Dere aint many desserts near Notting Hell, so we looked for a spiritaul wasteland instead, and ended up in Croydon. Dere I got tempted by de Devil, which is what normally happens to saved pussons. I aint gonna post a pitcher of the Devil, but he is a very charmin man wot is a Director of de Tablet.

Catherine Pepinster

De latest issue of de Tablet.

"OK, Eccles," said de Devil. "If you is saved, you gotta eat dem stones, as if dey was bread."

In fact dey was Anti Moly's rock cakes wot she had baked, in case she wanted some sollid food as well as de gin; but I was able to resist de temptatoin, havvin alreddy lost several teeth dat way in de past.

Molybdenite cake

One of my Anti's molybdenite cakes.

De second fing de Devil did was to take me to de top of a Cathlic church and told me to jump off. Dat's de sort of fing dat Anti Moly's been sayin to me for years, so I resisted dat temptatoin too, cos I know what happens next, you gets hurt.

Croydon church

De church wot I didn't jump off, in de spiritaul dessert.

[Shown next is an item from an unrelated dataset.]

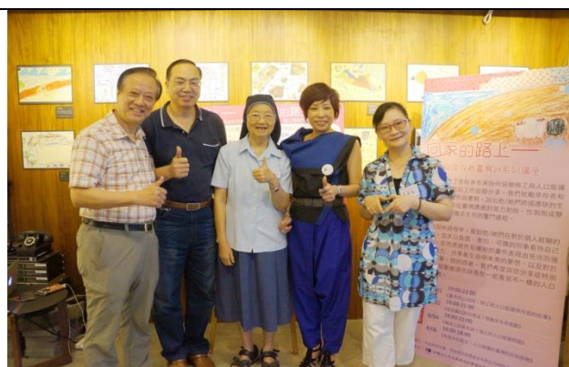
2016年「回家的路上」—移工與人口販運倖存者畫展暨系列講座：政府與民間團體的合作，共同響應730國際反人口販運日，為守護人權而努力。

In fact de third fing de Devil wanted me to do was to bow down and worship him, and dat's annuver fing I is used to bein asked, cos my freind Damain Thopmson is always beggin me to do dat. If I ever does it, he will let me write a blogg for de Telegraph, like his uvver acollytes. So I said no to the Devil, cos I doesnt want to write for de Tablet, either.

"Ho hum," said de Devil. "Eccles, you aint no fun. Perhaps you reely is a saved pusson after all."

After he'd gone, de rest of de week was pretty dull. My Anti Moly was naggin me day and night, sayin dat I gotta vote for Cradinal Pell in de conclave, as she was in luv wiv him about 50 years ago. Damain still aint given me any giudance on who to vote for, he says dat cradinals aint been no good since de days of his hero Cradinal Wolsey, wot could reely keep his bishops in order.

Cromwell, Henry VIII and Wolsey

Thomas Cromwell, Henry VIII and Cradinal Wolsey.

Well, I'll report again when I gets to Rome. Singed, Eccles (saved).